Sep 12 02:05:45 HunterNAS kernel: ata7: exception Emask 0x10 SAct 0x0 SErr 0x10000 action 0xe frozen
Sep 12 02:05:45 HunterNAS kernel: ata7: irq_stat 0x80400000, PHY RDY changed
Sep 12 02:05:45 HunterNAS kernel: ata7: SError: { PHYRdyChg }
Sep 12 02:05:45 HunterNAS kernel: ata7: hard resetting link
Sep 12 02:05:46 HunterNAS kernel: ata7: SATA link down (SStatus 0 SControl 300)
Sep 12 02:05:51 HunterNAS kernel: ata7: hard resetting link
Sep 12 02:05:51 HunterNAS kernel: ata7: SATA link down (SStatus 0 SControl 300)
Sep 12 02:05:51 HunterNAS kernel: ata7: limiting SATA link speed to 1.5 Gbps
Sep 12 02:05:56 HunterNAS kernel: ata7: hard resetting link
Sep 12 02:05:57 HunterNAS kernel: ata7: SATA link down (SStatus 0 SControl 310)
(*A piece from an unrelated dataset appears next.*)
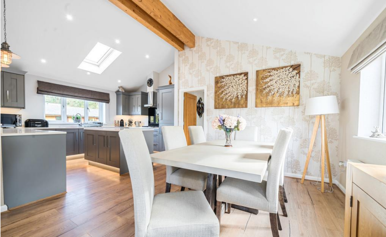
Open plan Living/Dining/Kitchen

Sep 12 02:05:57 HunterNAS kernel: ata7.00: disabled
Sep 12 02:05:57 HunterNAS kernel: ata7: EH complete
Sep 12 02:05:57 HunterNAS kernel: sd 8:0:0:0: rejecting I/O to offline device
Sep 12 02:05:57 HunterNAS kernel: sd 8:0:0:0: [sde] killing request
Sep 12 02:05:57 HunterNAS kernel: sd 8:0:0:0: rejecting I/O to offline device
Sep 12 02:05:57 HunterNAS kernel: BTRFS: bdev /dev/sde1 errs: wr 1, rd 0, flush 0, corrupt 0, gen 0
Sep 12 02:05:57 HunterNAS kernel: sd 8:0:0:0: rejecting I/O to offline device
Sep 12 02:05:57 HunterNAS kernel: BTRFS: bdev /dev/sde1 errs: wr 2, rd 0, flush 0, corrupt 0, gen 0
Sep 12 02:05:57 HunterNAS kernel: sd 8:0:0:0: rejecting I/O to offline device
Sep 12 02:05:57 HunterNAS kernel: BTRFS: bdev /dev/sde1 errs: wr 3, rd 0, flush 0, corrupt 0, gen 0
Sep 12 02:05:57 HunterNAS kernel: sd 8:0:0:0: rejecting I/O to offline device
Sep 12 02:05:57 HunterNAS kernel: BTRFS: bdev /dev/sde1 errs: wr 4, rd 0, flush 0, corrupt 0, gen 0
Sep 12 02:05:57 HunterNAS kernel: sd 8:0:0:0: rejecting I/O to offline device
Sep 12 02:05:57 HunterNAS kernel: BTRFS: bdev /dev/sde1 errs: wr 5, rd 0, flush 0, corrupt 0, gen 0
Sep 12 02:05:57 HunterNAS kernel: sd 8:0:0:0: rejecting I/O to offline device
Sep 12 02:05:57 HunterNAS kernel: BTRFS: bdev /dev/sde1 errs: wr 6, rd 0, flush 0, corrupt 0, gen 0
Sep 12 02:05:57 HunterNAS kernel: sd 8:0:0:0: rejecting I/O to offline device
Sep 12 02:05:57 HunterNAS kernel: BTRFS: bdev /dev/sde1 errs: wr 7, rd 0, flush 0, corrupt 0, gen 0
Sep 12 02:05:57 HunterNAS kernel: ata7.00: detaching (SCSI 8:0:0:0)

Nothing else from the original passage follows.